» **PROBLEM TO WORK ON**: Beginning with the line that contains "Die Zangenfalle wird", copy each subsequent line of the data below through the last one, including both ends but not the pictures.

» **DATASET SECTION**:
━━━━━━━━━━━━━━━━━━━━━━━━━━━━━━
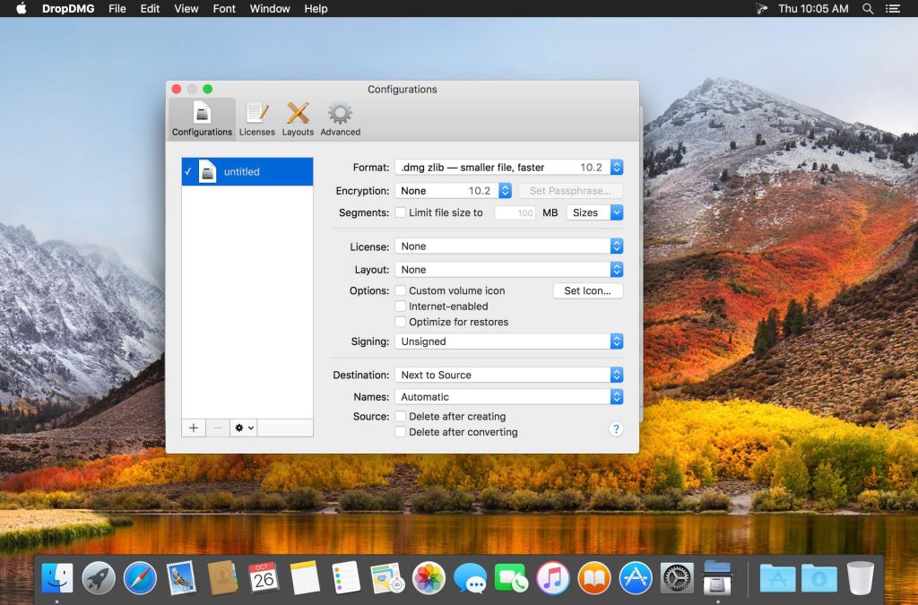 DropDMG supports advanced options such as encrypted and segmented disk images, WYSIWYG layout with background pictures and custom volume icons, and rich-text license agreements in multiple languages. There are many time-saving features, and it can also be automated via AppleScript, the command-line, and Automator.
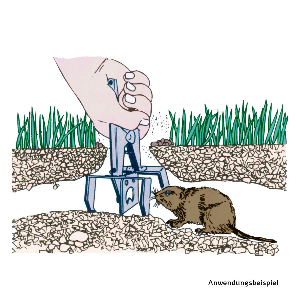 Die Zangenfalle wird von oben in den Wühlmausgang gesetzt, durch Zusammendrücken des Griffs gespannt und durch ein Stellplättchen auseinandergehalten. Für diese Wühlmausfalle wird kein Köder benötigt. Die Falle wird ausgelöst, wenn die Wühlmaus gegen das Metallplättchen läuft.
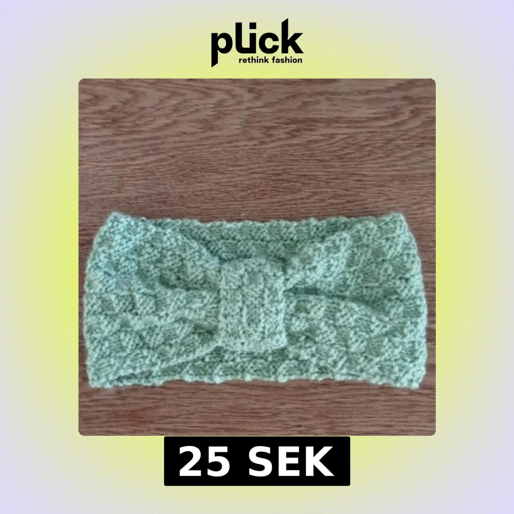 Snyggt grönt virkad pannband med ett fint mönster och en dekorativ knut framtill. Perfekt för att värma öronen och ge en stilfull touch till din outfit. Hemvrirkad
━━━━━━━━━━━━━━━━━━━━━━━━━━━━━━
» **SOLUTION FOR THIS EXERCISE**:
 Die Zangenfalle wird von oben in den Wühlmausgang gesetzt, durch Zusammendrücken des Griffs gespannt und durch ein Stellplättchen auseinandergehalten. Für diese Wühlmausfalle wird kein Köder benötigt. Die Falle wird ausgelöst, wenn die Wühlmaus gegen das Metallplättchen läuft.
 Snyggt grönt virkad pannband med ett fint mönster och en dekorativ knut framtill. Perfekt för att värma öronen och ge en stilfull touch till din outfit. Hemvrirkad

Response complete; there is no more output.